Further into the term, we turned our attention to local production and seasonal foods to explore an ethics of gratitude, compassion, and community-building sustained by efforts in organic farming. From Maria Diemling, we learned about Jewish teaching about the relationship between land, the body, and the holy. We also read the work of farmers inviting us to recover an ‘agrarian spirit’, to tether our working lives and wellbeing to nature’s rhythms and seasons.

For most of us, even in a place we call the Garden of England, soils and substrates where biological and chemical processes sustain microbiology, or the waterways that vein our landscapes above and below ground, are hardly a daily concern. But things look different when you speak to people who believe that food grown locally and lovingly is the key to putting humanity and community back at the centre of food production, distribution, and enjoyment. So, we finished the semester with a visit to Oink & Udder, an organic farm started by our Theology graduate David Wilcock.

On the farm at Oink & Udder

David says it was his wife Chloe who first had the idea to turn from her Music and Teaching degree to farming goats, cattle, and pigs. They also invited us to meet their organic crop farmer neighbour from Nonington Farms. From them, we learned about the science of food, how crops and animals turn grasses into protein, and how the symbiosis of plant and animal cycles pack carbon safely into the ground. They also spoke about how good food can build community life and networks of wellbeing beyond food banks. Together, these neighbours to Canterbury Christ Church are redefining animal welfare, love of land, and the link between community to wellbeing. We even learned that what our grandparents used to tell us was true all along: if you peel the potato, you peel away the goodness.

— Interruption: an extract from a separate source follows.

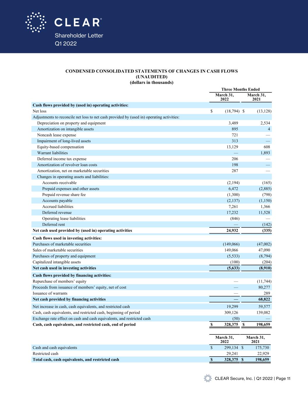 CLEAR Secure, Inc. | Q1 2022 | Page 11 Shareholder Letter Q1 2022 CLEAR SECURE, INC. CONDENSED CONSOLIDATED STATEMENTS OF CHANGES IN CASH FLOWS (UNAUDITED) (dollars in thousands) Three Months Ended March 31, 2022 March 31, 2021 Cash flows provided by (used in) operating activities: Net loss $ (18,794) $ (13,128) Adjustments to reconcile net loss to net cash provided by (used in) operating activities: Depreciation on property and equipment 3,489 2,534 Amortization on intangible assets 895 4 Noncash lease expense 721 — Impairment of long-lived assets 313 — Equity-based compensation 13,129 608 Warrant liabilities — 1,893 Deferred income tax expense 206 — Amortization of revolver loan costs 198 — Amortization, net on marketable securities 287 — Changes in operating assets and liabilities: Accounts receivable (2,194) (165) Prepaid expenses and other assets 6,472 (2,885) Prepaid revenue share fee (1,300) (798) Accounts payable (2,137) (1,150) Accrued liabilities 7,261 1,366 Deferred revenue 17,232 11,528 Operating lease liabilities (846) — Deferred rent — (142) Net cash used provided by (used in) operating activities 24,932 (335) Cash flows used in investing activities: Purchases of marketable securities (149,066) (47,002) Sales of marketable securities 149,066 47,090 Purchases of property and equipment (5,533) (8,794) Capitalized intangible assets (100) (204) Net cash used in investing activities (5,633) (8,910) Cash flows provided by financing activities: Repurchase of members’ equity — (11,744) Proceeds from issuance of members’ equity, net of cost — 80,277 Issuance of warrants — 289 Net cash provided by financing activities — 68,822 Net increase in cash, cash equivalents, and restricted cash 19,299 59,577 Cash, cash equivalents, and restricted cash, beginning of period 309,126 139,082 Exchange rate effect on cash and cash equivalents, and restricted cash (50) — Cash, cash equivalents, and restricted cash, end of period $ 328,375 $ 198,659 March 31, 2022 March 31, 2021 Cash and cash equivalents $ 299,134 $ 175,730 Restricted cash 29,241 22,929 Total cash, cash equivalents, and restricted cash $ 328,375 $ 198,659

Clearly, though, a well-scrubbed potato could only have goodness if there was good, healthy, unpolluted soil to begin with, and if water was plentiful because the seasons were favourable; if human hands dug into the dirt to pick the tuber, and a chain of human labour was responsible for loading produce and bringing it to market. And although we are removed from the soils, climates, and processes responsible for a potato freshly pulled from the ground, it is in the end a goodness we can touch, see, smell, savour, and share. And now it is a goodness which our students, looking at that jacket and potato on their dinner plate, could decode as a story of ethics, sustainability, the environment, and all the reasons why we should care.